Describe your current position:
I am Teen Services Librarian at Steele Library, the central library of Chemung County Library District and the Southern Tier Library System. Along with the Teen Advisory Group, I coordinate and create programs for teens, manage the teen space, the YA physical and e-book/e-audiobook collections, recruit and supervise teen volunteers, create content for our teen social media, and do teen related outreach in the community by visiting schools, and partnering with youth serving organizations in our community. I also recruit and manage the Teen Advisory Group. Occasionally, I give talks related to Teen programming or collection development in our library system, as invited. I also spend about 2 hours a day working the Adult reference desk.

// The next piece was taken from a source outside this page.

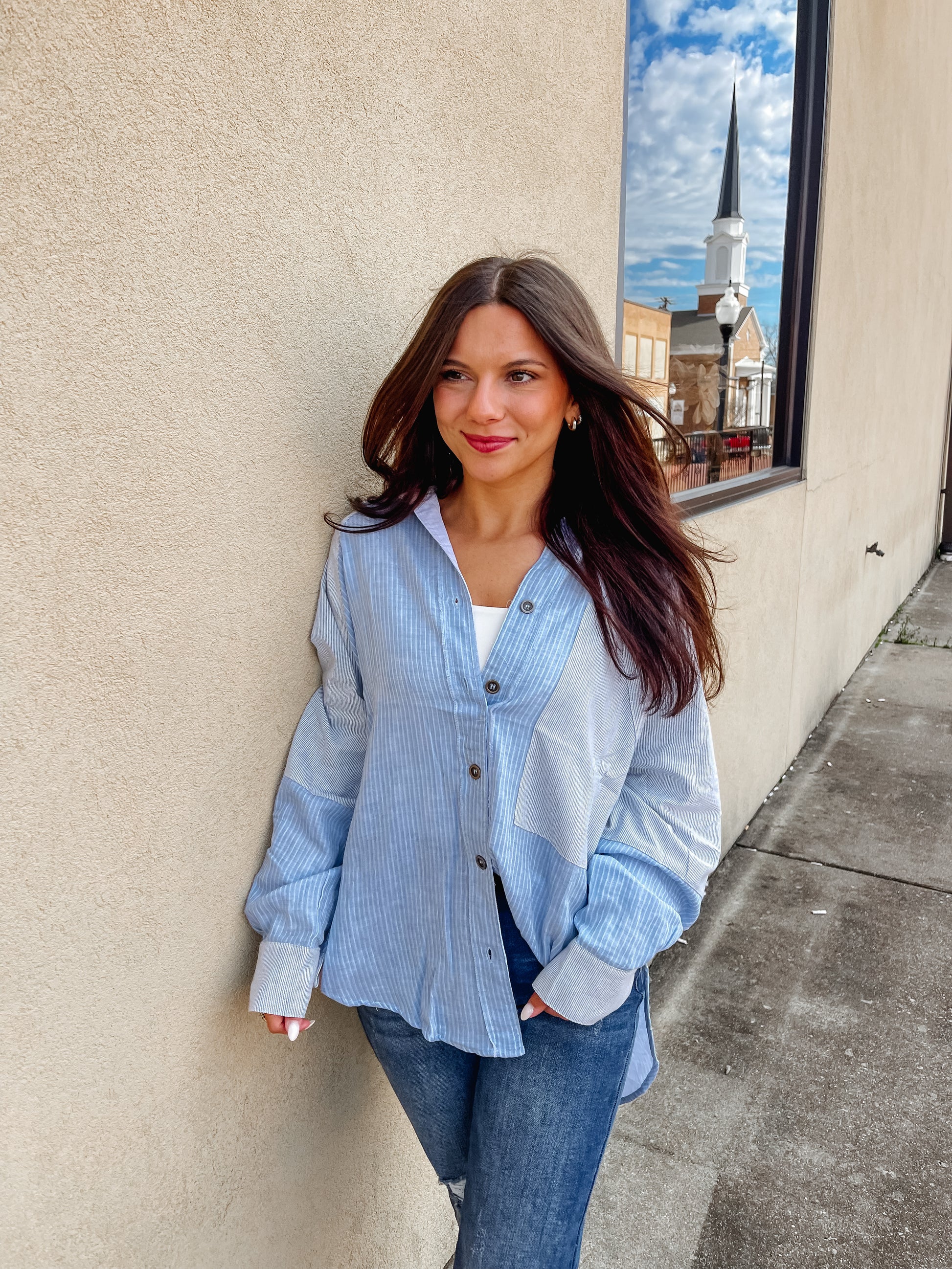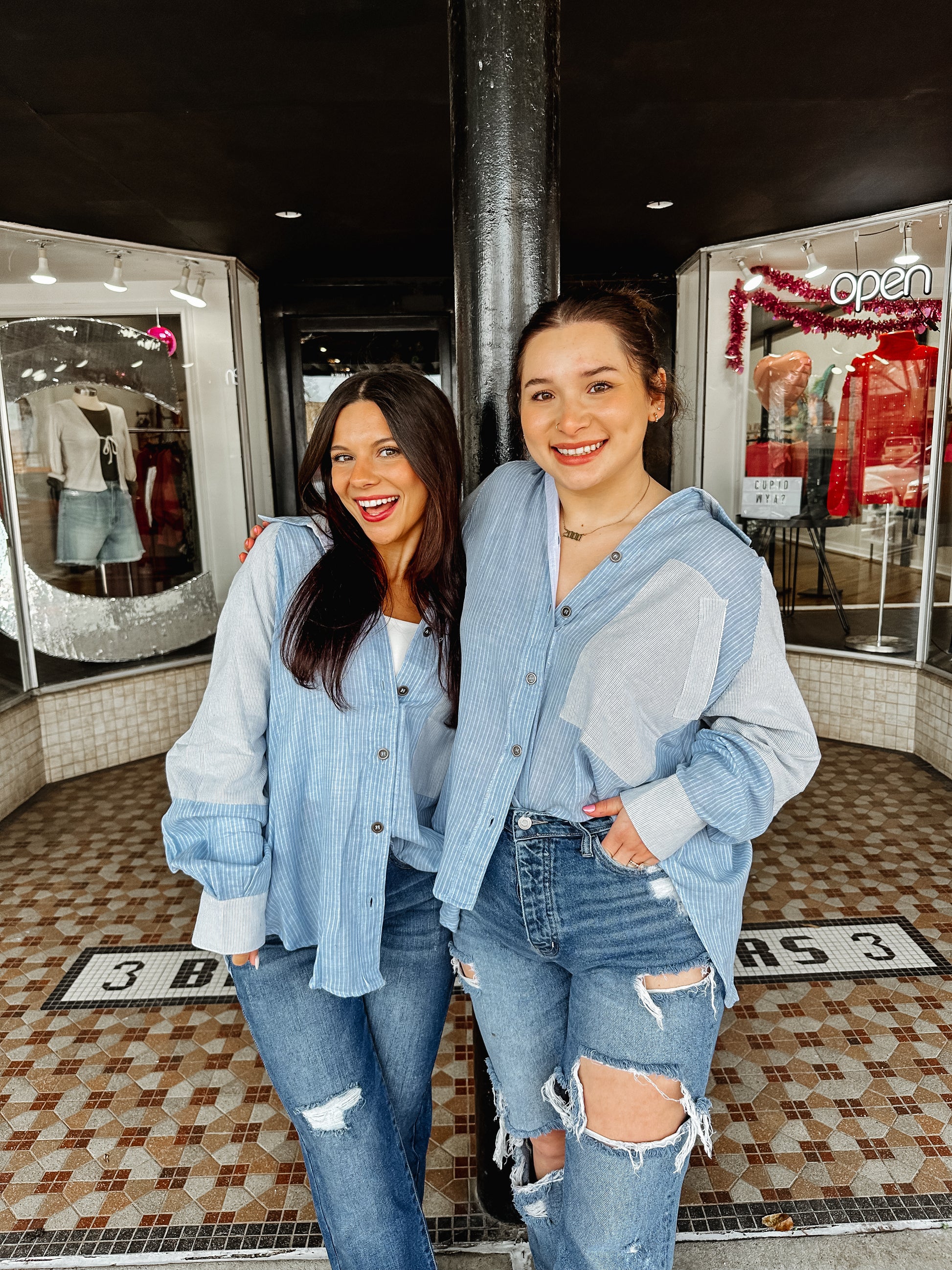 Sky blue Delilah top is a stylish variation of the classic button-up shirt, featuring panels or sections of different fabrics or textures strategically placed for a unique and eye-catching design.

What do you like best about your work?
The variety and opportunity for creativity! In one day I can bounce from report writing, creating engaging social media posts, and planning programming to ordering books and setting up a display using the Severed Limb Ring Toss Game the teens made for last year's Teen Halloween Dance. (Imagine a giant piece of cardboard with plastic severed limbs and bones protruding from it, all spattered with red paint and fake blood. The teens are so PROUD of it, I can't even tell you).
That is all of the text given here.